*WORK TO BE COMPLETED*:
Taking the line with "7 Tier Metal" as the first and the line with "澎湃新闻搜索发现,以7月5日" as the last, set down the lines below exactly, pictures excluded.

*EXERCISE DATA*:
== == ==
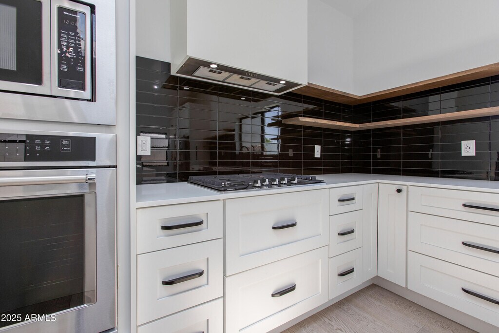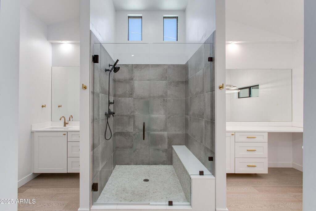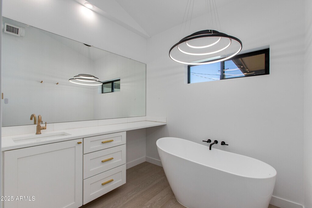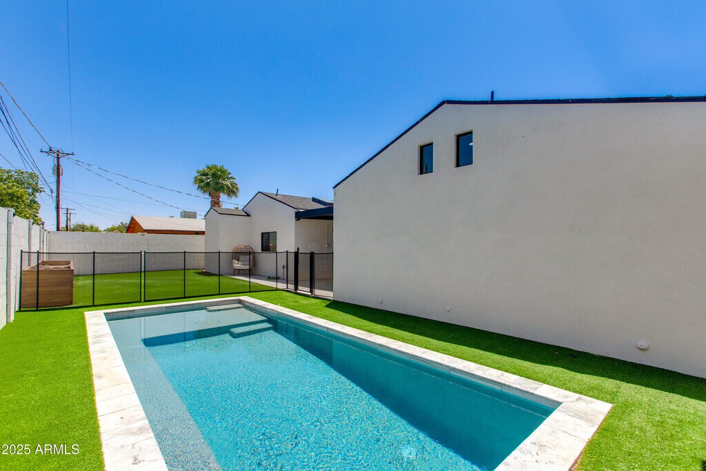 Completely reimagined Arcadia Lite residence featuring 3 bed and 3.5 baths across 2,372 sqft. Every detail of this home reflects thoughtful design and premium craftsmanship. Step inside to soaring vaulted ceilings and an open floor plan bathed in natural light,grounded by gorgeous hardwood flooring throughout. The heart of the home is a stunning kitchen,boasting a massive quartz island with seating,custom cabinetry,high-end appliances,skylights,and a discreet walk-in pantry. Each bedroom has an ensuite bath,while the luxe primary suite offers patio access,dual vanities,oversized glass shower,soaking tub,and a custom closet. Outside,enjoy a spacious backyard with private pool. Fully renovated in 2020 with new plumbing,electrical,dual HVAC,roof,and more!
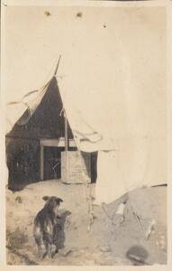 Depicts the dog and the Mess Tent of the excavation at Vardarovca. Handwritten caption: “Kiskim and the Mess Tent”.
== == ==
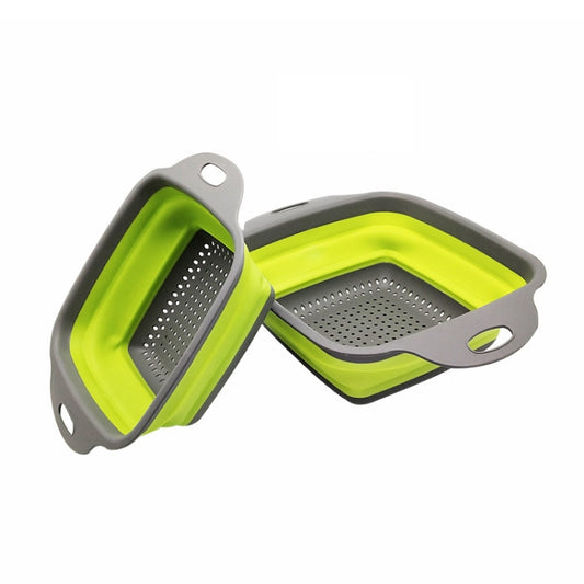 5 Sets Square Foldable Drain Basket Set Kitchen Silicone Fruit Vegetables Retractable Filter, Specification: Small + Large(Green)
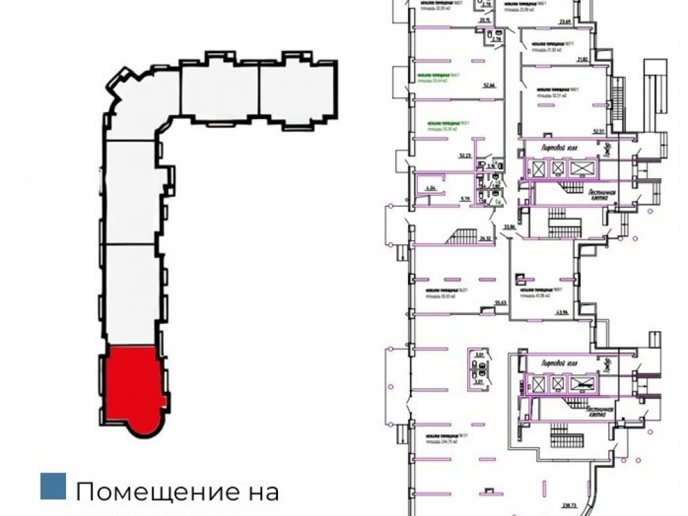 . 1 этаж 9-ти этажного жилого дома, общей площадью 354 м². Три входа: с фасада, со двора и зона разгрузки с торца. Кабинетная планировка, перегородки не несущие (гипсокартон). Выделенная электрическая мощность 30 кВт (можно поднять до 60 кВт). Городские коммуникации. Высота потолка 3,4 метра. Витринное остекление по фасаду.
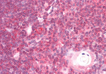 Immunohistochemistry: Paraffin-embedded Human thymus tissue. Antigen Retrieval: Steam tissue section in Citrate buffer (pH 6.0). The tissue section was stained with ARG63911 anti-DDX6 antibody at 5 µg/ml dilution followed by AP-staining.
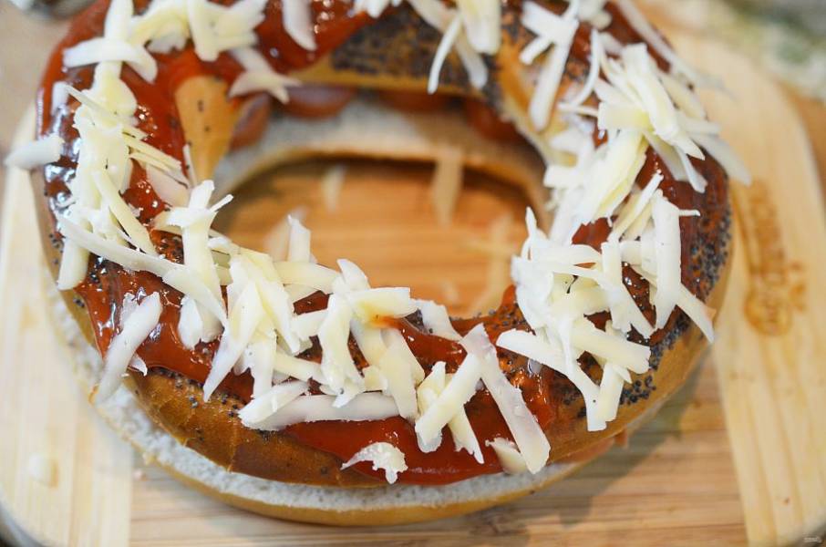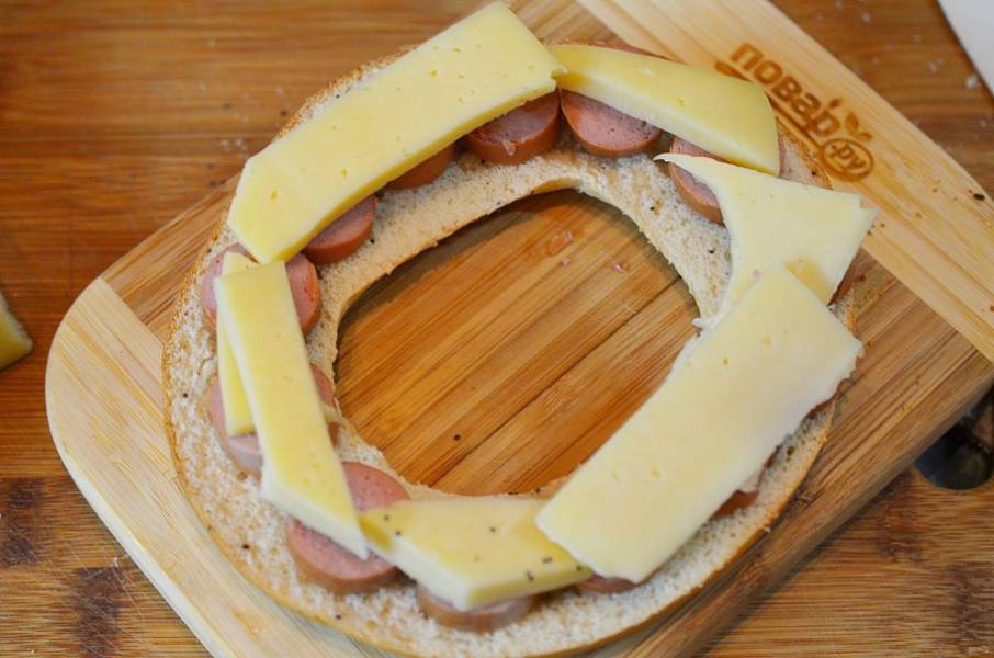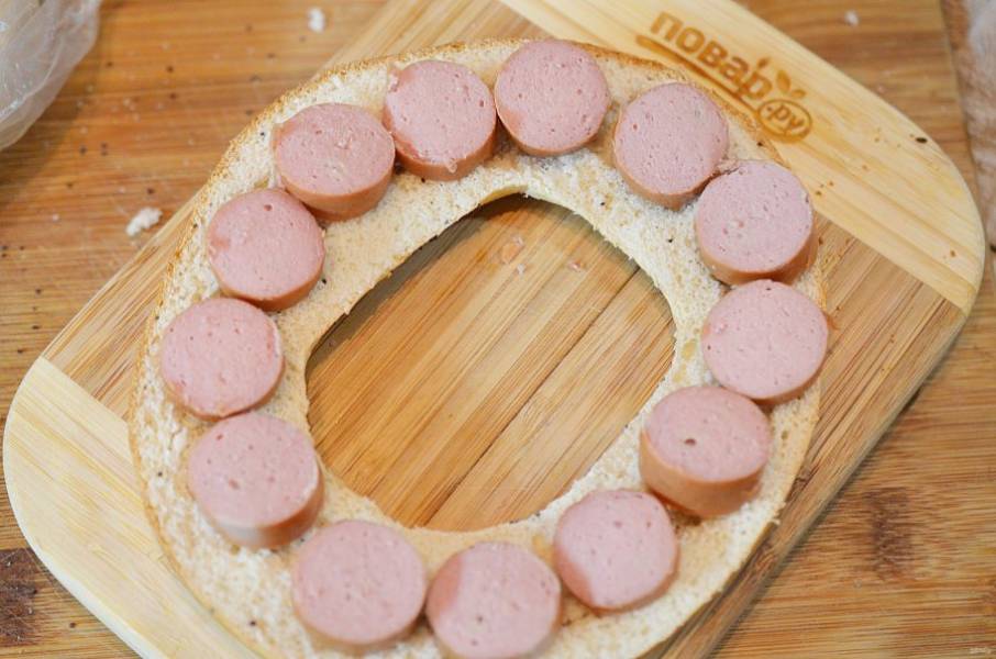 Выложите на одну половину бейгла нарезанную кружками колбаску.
== == ==
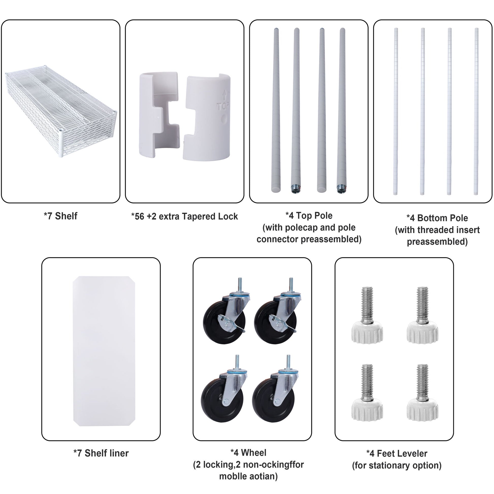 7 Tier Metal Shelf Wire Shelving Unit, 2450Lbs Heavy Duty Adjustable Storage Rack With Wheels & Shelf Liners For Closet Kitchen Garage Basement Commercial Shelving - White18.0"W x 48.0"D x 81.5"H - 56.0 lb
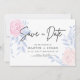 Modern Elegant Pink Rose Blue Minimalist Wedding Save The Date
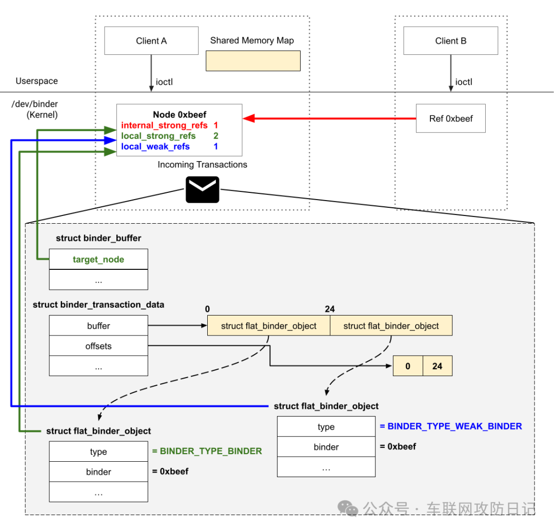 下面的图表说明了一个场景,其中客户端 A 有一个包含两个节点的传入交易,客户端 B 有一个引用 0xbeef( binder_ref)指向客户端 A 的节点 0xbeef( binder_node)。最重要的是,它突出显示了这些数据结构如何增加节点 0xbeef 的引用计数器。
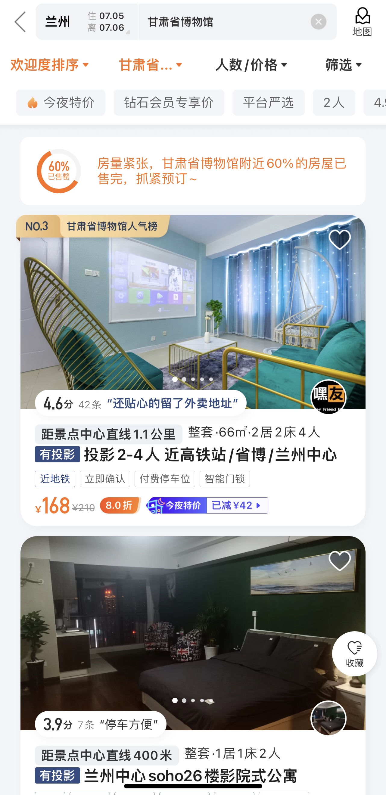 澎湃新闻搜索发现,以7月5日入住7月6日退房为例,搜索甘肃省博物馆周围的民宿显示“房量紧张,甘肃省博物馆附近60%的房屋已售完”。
== == ==
*EXERCISE ANSWER*:
 7 Tier Metal Shelf Wire Shelving Unit, 2450Lbs Heavy Duty Adjustable Storage Rack With Wheels & Shelf Liners For Closet Kitchen Garage Basement Commercial Shelving - White18.0"W x 48.0"D x 81.5"H - 56.0 lb
 Modern Elegant Pink Rose Blue Minimalist Wedding Save The Date
 下面的图表说明了一个场景,其中客户端 A 有一个包含两个节点的传入交易,客户端 B 有一个引用 0xbeef( binder_ref)指向客户端 A 的节点 0xbeef( binder_node)。最重要的是,它突出显示了这些数据结构如何增加节点 0xbeef 的引用计数器。
 澎湃新闻搜索发现,以7月5日入住7月6日退房为例,搜索甘肃省博物馆周围的民宿显示“房量紧张,甘肃省博物馆附近60%的房屋已售完”。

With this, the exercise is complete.